* **GOAL OF THE EXERCISE**:
All of the listing is to be written out word for word, with the pictures left out.

* **AVAILABLE DATA**:
↓

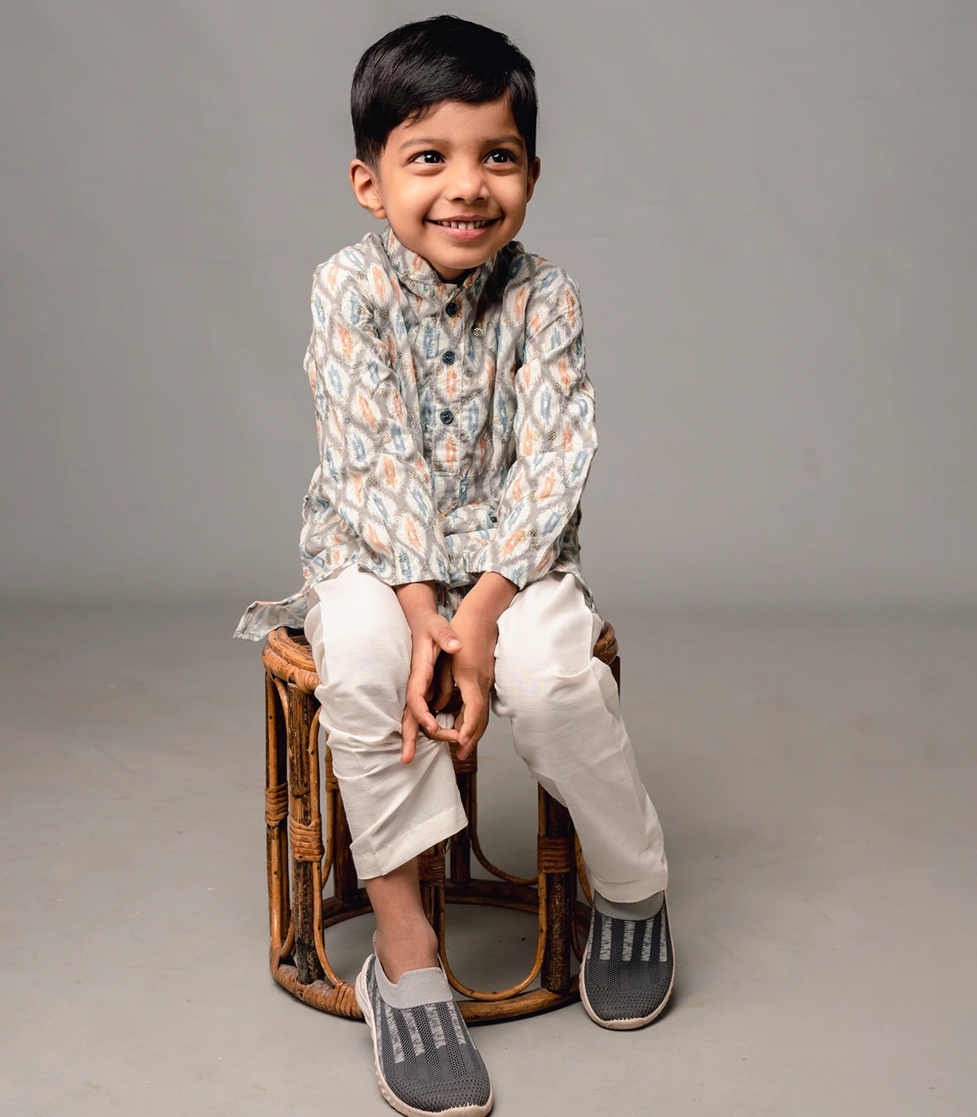 White Ikat printed kurta with sequin embellishments and matching pyjama set-White
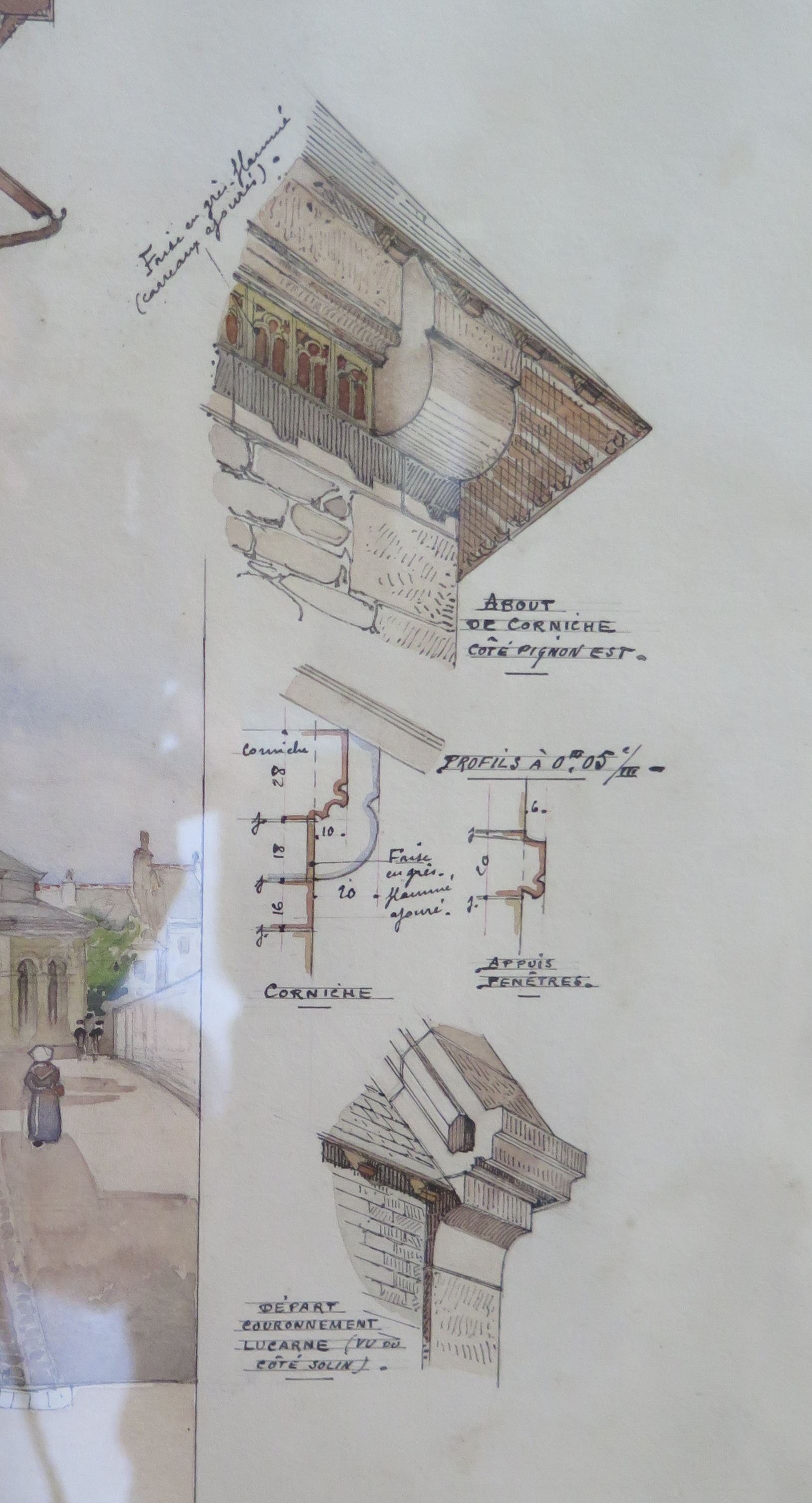 Tréguier, 8 rue Lamennais : maison, détails de finition de la corniche par Émile Brunet, architecte, Paris, 4 avril 1904 (collection particulière, planche n° 1)Immatriculation
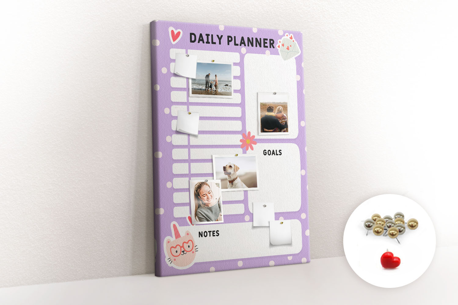2. Pinezki: W zestawie znajdują się szpilki, które pomogą w przypięciu różnych notatek.

↑

* **RESPONSE**:
 White Ikat printed kurta with sequin embellishments and matching pyjama set-White
 Tréguier, 8 rue Lamennais : maison, détails de finition de la corniche par Émile Brunet, architecte, Paris, 4 avril 1904 (collection particulière, planche n° 1)Immatriculation
2. Pinezki: W zestawie znajdują się szpilki, które pomogą w przypięciu różnych notatek.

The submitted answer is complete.